I am on tensorflow v2 on google colab using tf.keras. I am trying to use embedding with masking follow by global average. Here's my code:

vocab_size = 1500

inputs = Input(shape=(None,), dtype=tf.int32, name='word_sequence')

x = Embedding(input_dim=vocab_size, output_dim=16, mask_zero=True)(inputs)

outputs = tf.keras.layers.GlobalAveragePooling1D()(x)

model = Model(inputs, outputs)

But I got this error:

TypeError: Failed to convert object of type to Tensor. Contents: [-1, None, 1]. Consider casting elements to a supported type.

If I provide an explicit length of sequence Input(shape=(10,), .....), then it seems to have no error (although I havent tested it with sample data). I wonder why you would need to specify an explicit sequence length, I thought this could be done lazily at runtime when the layer first encounters the data.

Furthermore, the following works (taken from "masking and padding" tf tutorial):

inputs = tf.keras.Input(shape=(None,), dtype='int32')
x = layers.Embedding(input_dim=5000, output_dim=16, mask_zero=True)(inputs)
outputs = layers.LSTM(32)(x)

model = tf.keras.Model(inputs, outputs)

For LSTM, it seems like it is happy with input shape of None during functional api construction of model.

Could someone pls explain how is this bad with GlobalAveragePooling1D, or that this should work but I did something wrong?

Thanks.

kawingkelvin
  • 3,649
  • 2
  • 30
  • 50
  • In theory, you don't need to specific an array size in order to compute mean. E.g np.mean(...) doesn't need explicit input length. So naively, I do think this is a bug, assuming I did everything right in terms of API calling. – kawingkelvin Oct 21 '19 at 20:20

2 Answers2

0

I don't have the reputation to add a comment, so here's what I wanted to say: I seem to have the same problem, both with GRU and LSTM. The problem seems to vanish when I use GlobalMaxPooling1D instead. I feel it is a problem caused by the underlying implementation of Masking, but I don't know anything about the low-level Keras API to comment on that.

xhlulu
  • 11
  • 1
  • Maybe you can share your use case for GRU/LSTM. I thought they should work. But I only tried the simple code used in that tutorial (with code snippet i pasted in my Q as well). – kawingkelvin Nov 01 '19 at 17:08
0

This is because of the implementation of GlobalAveragePooling1D when input_mask is not None needs to specify the timestep dimension.
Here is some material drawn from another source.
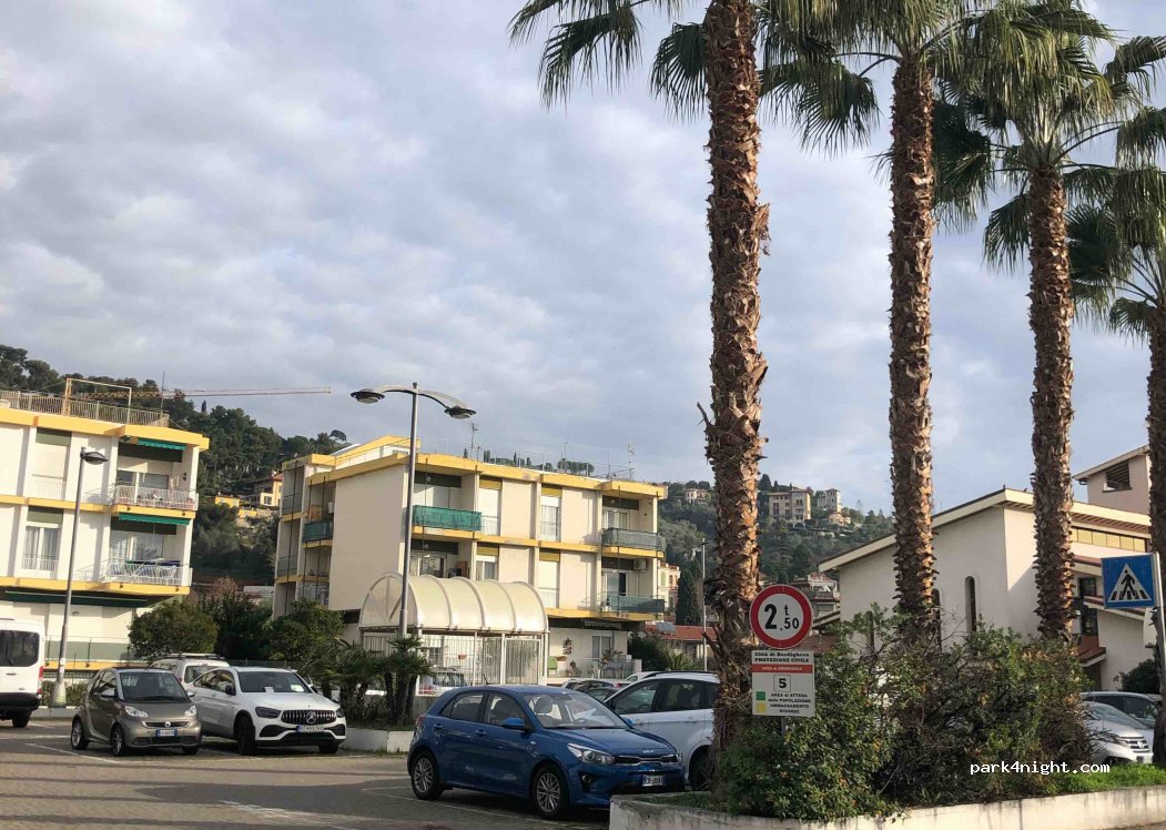 Free parking up to 2.5t, dog area across the road, 1 km from the center of Bordighera. Quiet in a residential area, the road ends a few meters ahead. There is no shade.
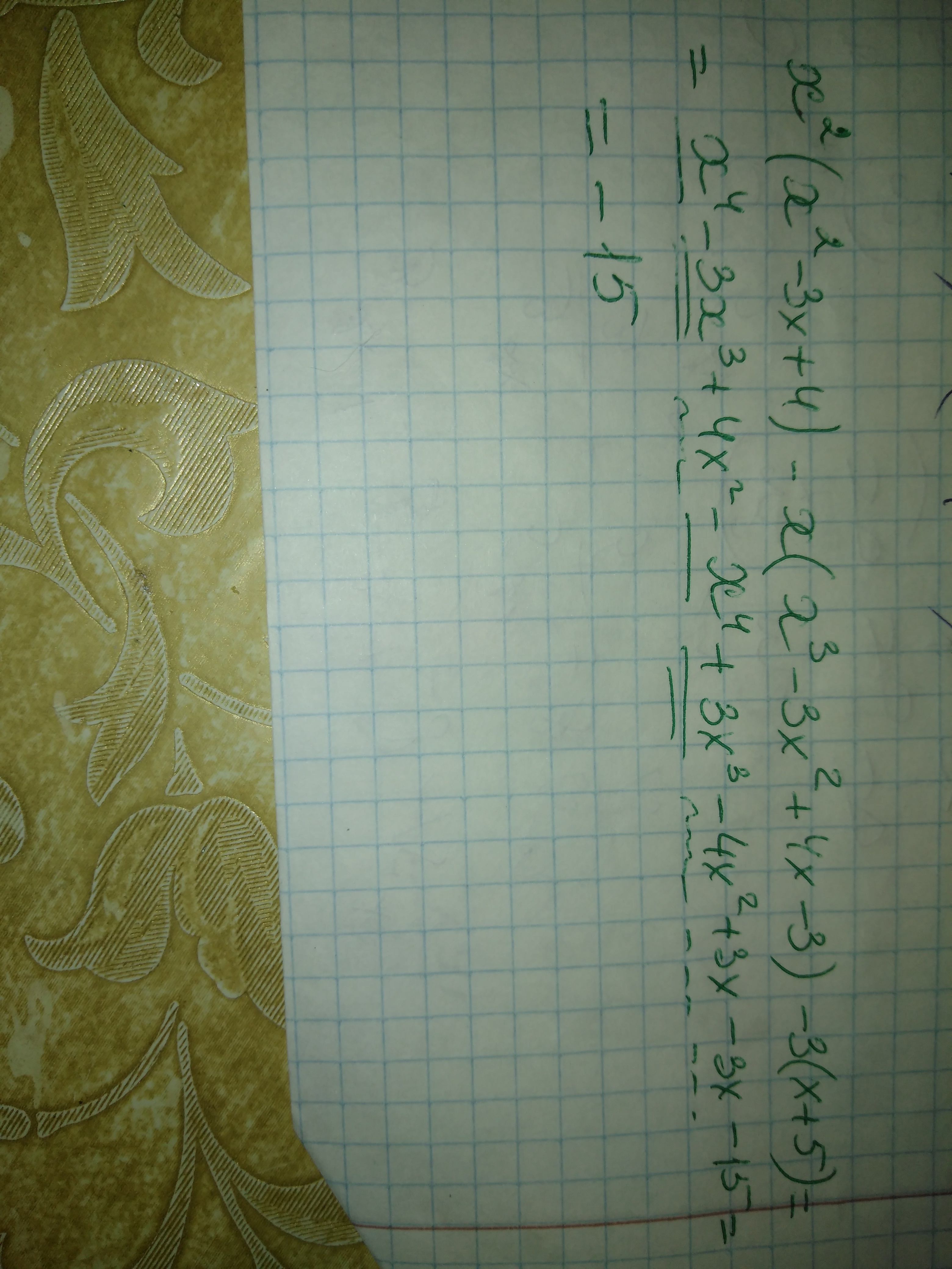 Докажите что выражение x² (x² - 3x + 4) - x (x³ - 3x²+ 4x - 3) - 3 (x +5) принимает одно и то же значение при любом значении переменной x

So if you try to remove mask_zero = True in the Embedding layer, you can build the model successfully.

Looking into the source code of GlobalAveragePooling1D, we can see that:

  def call(self, inputs, mask=None):
    steps_axis = 1 if self.data_format == 'channels_last' else 2
    if mask is not None:
      mask = math_ops.cast(mask, backend.floatx())
      input_shape = inputs.shape.as_list()
      broadcast_shape = [-1, input_shape[steps_axis], 1]
      mask = array_ops.reshape(mask, broadcast_shape)
      inputs *= mask
      return backend.sum(inputs, axis=steps_axis) / math_ops.reduce_sum(
          mask, axis=steps_axis)
    else:
      return backend.mean(inputs, axis=steps_axis)

so if mask is not None (in your example, the mask is the mask generated by the Embedding layer because you set mask_zero=True), the broadcast_shape would be [-1, None, 1], and the None cause error in reshape(mask, broadcast_shape). So I think the only solution is to specify the timestep (sequence length) as input shape.

MachineLearner
  • 413
  • 5
  • 10